Some closer look at the flowers  





Stay safe ! :hubba:


----------



## DonConSemillas (Jun 13, 2011)

Found a male among the Cheese, so far we got 1 or 2 more male suspects .

Everythings going fine, ill come with more pics soon.

Stay safe !:hubba:


----------



## Ruffy (Jun 13, 2011)

lol u barried ur male with a cross:holysheep:    thats some funny shat


----------



## DonConSemillas (Jun 14, 2011)

Our girls are often compared with a human, and we love them likewise.
Its good to enjoy doing what you like.
Tomorrow ill post some pics with the advanced flowering Critical and Afghan Express. They are going like nuts 

All the best and stay safe !


----------



## ston-loc (Jun 14, 2011)

Haha, that last set of pics cracked me up. RIP


----------



## DonConSemillas (Jun 15, 2011)

So, here they are 
The Critical Express





We got another 10 that didnt popped cuz they were put straight into the soil. Germinated and replanted them, now we wait :hubba: .






Stay safe !


----------



## DonConSemillas (Jun 22, 2011)

We had some guerilla cheese, the other morning when we went to water them we found an empty leveled field. My heart stopped. :/ we saved 6 out of 10 and transplanted them in pots. They are recovering well.

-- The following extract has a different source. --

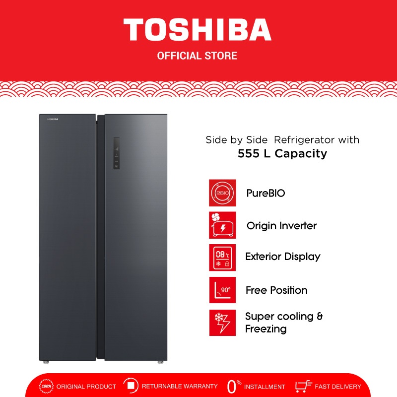 TOSHIBA Kulkas SIDE BY SIDE GR-RS696WE-PMF-06 Kapasitas 555L - Water Dispenser - LED Lighting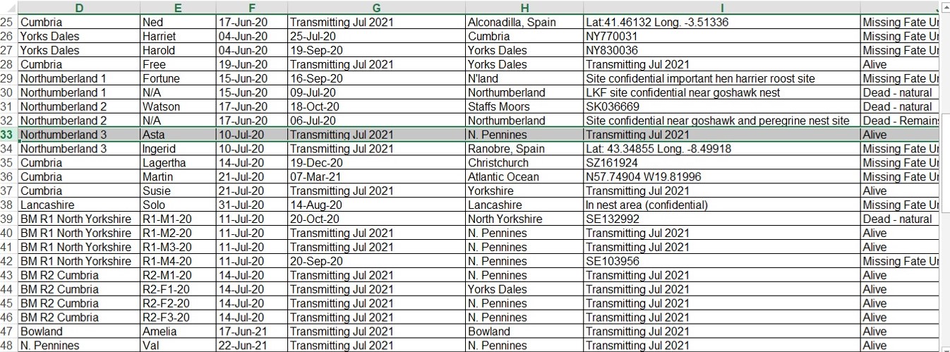 I also noticed that in its summer 2021 update on its satellite-tagged hen harriers, Natural England stated that Asta’s tag was still transmitting in July 2021 and her status was listed as ‘alive’, when actually she was dead three months earlier:

On the other side, the small Critical Express is about ready, now its 1 week without water and up to dry .

Next week we're gonna be really busy. The other Critical Exp. is about due and we will manually flower some Cheese, Early Afghani, Haarlem Diesel, African Cheese and Bigrasta.

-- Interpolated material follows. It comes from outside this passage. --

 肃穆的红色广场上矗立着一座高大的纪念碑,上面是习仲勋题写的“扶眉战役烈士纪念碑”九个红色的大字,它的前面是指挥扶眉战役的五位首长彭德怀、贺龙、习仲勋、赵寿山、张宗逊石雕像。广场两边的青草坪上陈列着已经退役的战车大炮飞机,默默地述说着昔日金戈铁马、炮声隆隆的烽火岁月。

Ill come with some pics tomorrow.

Stay safe and enjoy this lovely summer !


----------



## mountain man (Jun 22, 2011)

Why don't you let them grow up a little bit before you flower them?


----------



## MrFulldankWeed (Jun 22, 2011)

There looking nice man, where do you get your seeds from?


----------



## DonConSemillas (Jun 23, 2011)

@mountain man: they are around waist level, so we decided they are good for flowering .

@MrFulldankWeed: we are a seed retailer, so we used the seeds we sell; and some we got from a friend.

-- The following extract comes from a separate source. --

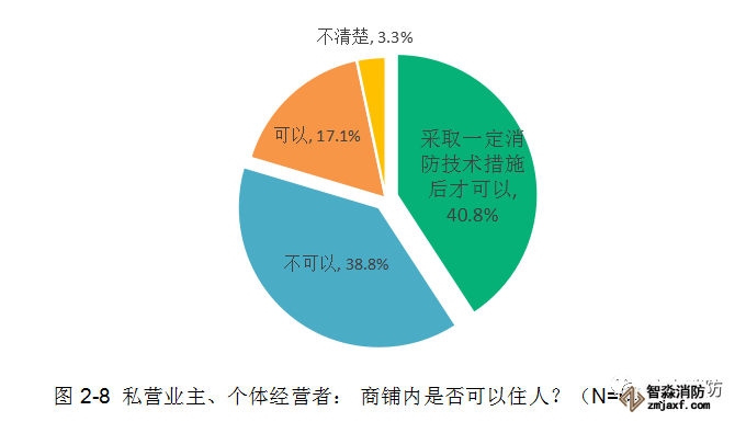 今年,廣東消防針對(duì)我省私營(yíng)業(yè)主和個(gè)體經(jīng)營(yíng)者展開(kāi)調(diào)查的數(shù)據(jù)顯示,有79.6%的受訪者對(duì)于“商鋪內(nèi)是否可以住人”這一消防知識(shí)有一定正確認(rèn)知:38.8%的受訪者明確表示商鋪內(nèi)不可以住人,約40.8%的受訪者表示采取一定消防技術(shù)措施后才可以住人,但仍有17.1%的受訪者存在錯(cuò)誤觀念,認(rèn)為商鋪內(nèi)可以直接居住。

On the other side, the Critical Exp. is looking good, starting to get dry  can't wait to taste it *yummy yummy*

Here are some photos 










We have twins !  


Stay safe !


----------



## burner (Jun 23, 2011)

budding up real nice :aok:


----------



## DonConSemillas (Jul 3, 2011)

Well, been missing a while, had some problems at home ( nothing serious to hurt the girls  )

So, lets do a recap on what has been happening lately at DCS 

- The ones in pots are starting to flower nice after 4 days of 12/12, theres a multitude of tastes and aromas in there 
- Lost 2 of the Cheese that was saved from the guerilla grow, but the others are recovering well.
- We started using a new soil, called Cannacrem, one of the best things I saw . It creates some really huge monsters.

Ill be coming with some photos too soon, but for now we lost our camera 
So, untill the next time, have  a nice day ! 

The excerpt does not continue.